Inverted Index (original) (raw)

Last Updated : 18 Apr, 2026

An Inverted Index is a data structure used in information retrieval systems to efficiently retrieve documents or web pages containing a specific term or set of terms. In an inverted index, the index is organized by terms (words), and each term points to a list of documents or web pages that contain that term.

**Note: Inverted indexes are widely used in search engines, database systems, and other applications where efficient text search is required.

An inverted index is an index data structure storing a mapping from content, such as words or numbers, to its locations in a document or a set of documents. In simple words, it is a hashmap-like data structure that directs you from a word to a document or a web page. They are especially useful for large collections of documents, where searching through all the documents would be prohibitively slow.

Features of Inverted Indexes

**Efficient search: By indexing every term in every document, the index can quickly identify all documents that contain a given search term or phrase, significantly reducing search time.
**Fast updates: Inverted indexes can be updated quickly and efficiently as new content is added to the system. This allows for near-real-time indexing and searching for new content.
**Flexibility: Inverted indexes can be customized to suit the needs of different types of information retrieval systems. For example, they can be configured to handle different types of queries, such as Boolean queries or proximity queries.
**Compression: Inverted indexes can be compressed to reduce storage requirements. Various techniques such as delta encoding, gamma encoding, variable byte encoding, etc., can be used to compress the posting list efficiently.
**Support for stemming and synonym expansion: Inverted indexes can be configured to support stemming and synonym expansion, which can improve the accuracy and relevance of search results.
**Support for multiple languages: Inverted indexes can support multiple languages, allowing users to search for content in different languages using the same system.

Example: Consider the following documents.

To create an **inverted index for these documents, we first tokenize the documents into terms, as follows.

**Document 1: The quick brown fox jumped over the lazy dog.
**Document 2: The lazy dog slept in the sun.

Next, we create an index of the terms, where each term points to a list of documents that contain that term, as follows.

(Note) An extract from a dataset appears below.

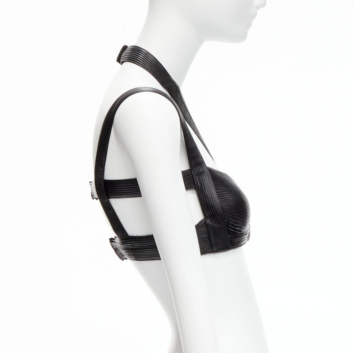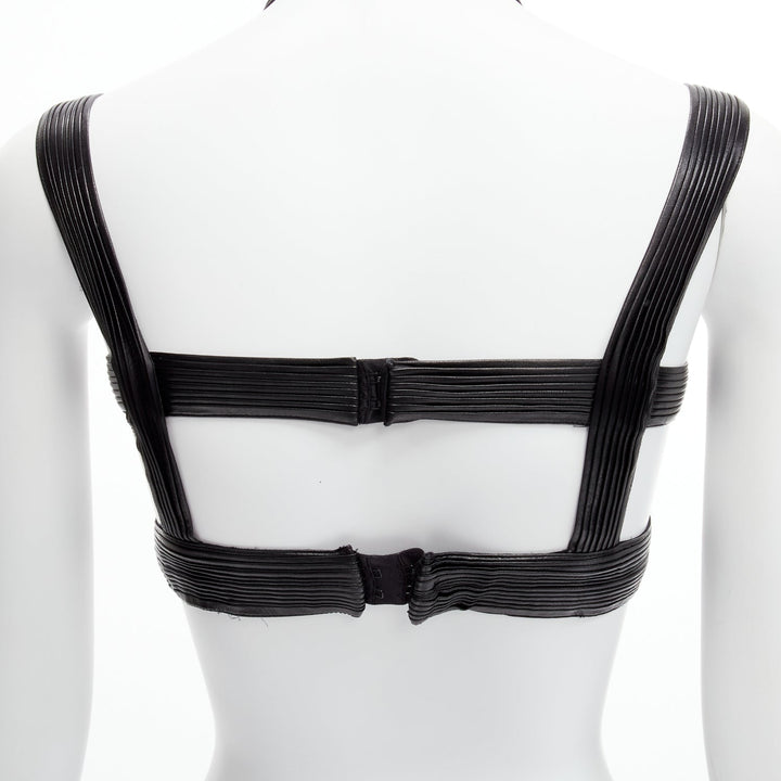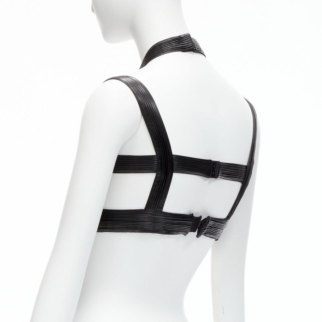 rare GIVENCHY Riccardo Tisci 2014 Runway black pleated leather harness bra top

The -> Document 1, Document 2
Quick -> Document 1
Brown -> Document 1
Fox -> Document 1
Jumped -> Document 1
Over -> Document 1
Lazy -> Document 1, Document 2
Dog -> Document 1, Document 2
Slept -> Document 2
In -> Document 2
Sun -> Document 2

To search for documents containing a particular term or set of terms, the search engine queries the inverted index for those terms and retrieves the list of documents associated with each term. The search engine can then use this information to rank the documents based on relevance to the query and present them to the user in order of importance.

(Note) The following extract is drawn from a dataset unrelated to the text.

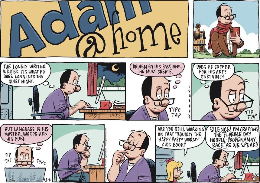That artistic theme continues in today’s Adam@Home. One of the pillars of the strip is Adam’s mediocrity, but Rob Harrell adds a bit of bite this morning because he has written a successful children’s book and not every cartoonist who has turned his hand to kid’s books has been able to add that je ne sais quoi that makes it matter.
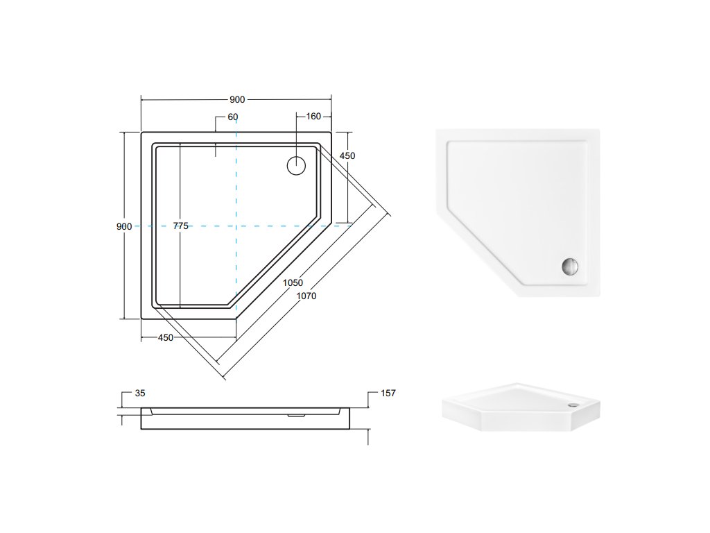 - rozměry vaničky - 90 x 90 x 15,7 cm

There are two types of inverted indexes:

**Record-Level Inverted Index: Record Level Inverted Index contains a list of references to documents for each word.
**Word-Level Inverted Index: Word Level Inverted Index additionally contains the positions of each word within a document. The latter form offers more functionality but needs more processing power and space to be created.

Suppose we want to search the texts "hello everyone, " "this article is based on an inverted index, " and "which is **hashmap-like data structure". If we index by (text, word within the text), the index with a location in the text is:

hello (1, 1)
everyone (1, 2)
this (2, 1)
article (2, 2)
is (2, 3); (3, 2)
based (2, 4)
on (2, 5)
inverted (2, 6)
index (2, 7)
which (3, 1)
hashmap (3, 3)
like (3, 4)
data (3, 5)
structure (3, 6)

The word "hello" is in document 1 ("hello everyone") starting at word 1, so has an entry (1, 1), and the word "is" is in documents 2 and 3 at '3rd' and '2nd' positions respectively (here position is based on the word).

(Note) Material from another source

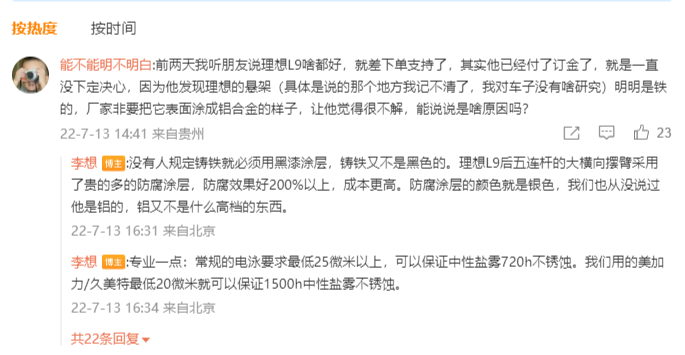 Event overviewSome netizens left a message under Li Xiang’s Weibo, saying that they found that the suspension of L9 was made of iron, but the manufacturer painted it like aluminum alloy, which made them feel puzzled. Then Li Xiang made a real name statement, and responded that "the cast iron didn’t stipulate that it must be coated with black paint, and the ideal L9 rear five-link big transverse swing arm adopted a much more expensive anti-corrosion coating, with a better anti-corrosion effect of more than 200% and higher cost. The color of the anticorrosive coating is silver, and we have never said that it is aluminum, and aluminum is not a high-end thing. "

**Note: The index may have weights, frequencies, or other indicators.

**Steps to Build an Inverted Index

**Fetch the Document: Removing of Stop Words: Stop words are the most occurring and useless words in documents like "I", "the", "we", "is", and "an".
**Stemming of Root Word: Whenever I want to search for "cat", I want to see a document that has information about it. But the word present in the document is called "cats" or "catty" instead of "cat". To relate both words, I'll chop some part of every word I read so that I could get the "root word". There are standard tools for performing this like "Porter's Stemmer".
**Record Document IDs: If the word is already present add a reference of the document to index else creates a new entry. Add additional information like the frequency of the word, location of the word, etc.

**Example:

Words Document
ant doc1
demo doc2
world doc1, doc2

Implementing Inverted Index

Python `

Define the documents

document1 = "The quick brown fox jumped over the lazy dog." document2 = "The lazy dog slept in the sun."

Step 1: Tokenize the documents

Convert each document to lowercase and split it into words

tokens1 = document1.lower().split() tokens2 = document2.lower().split()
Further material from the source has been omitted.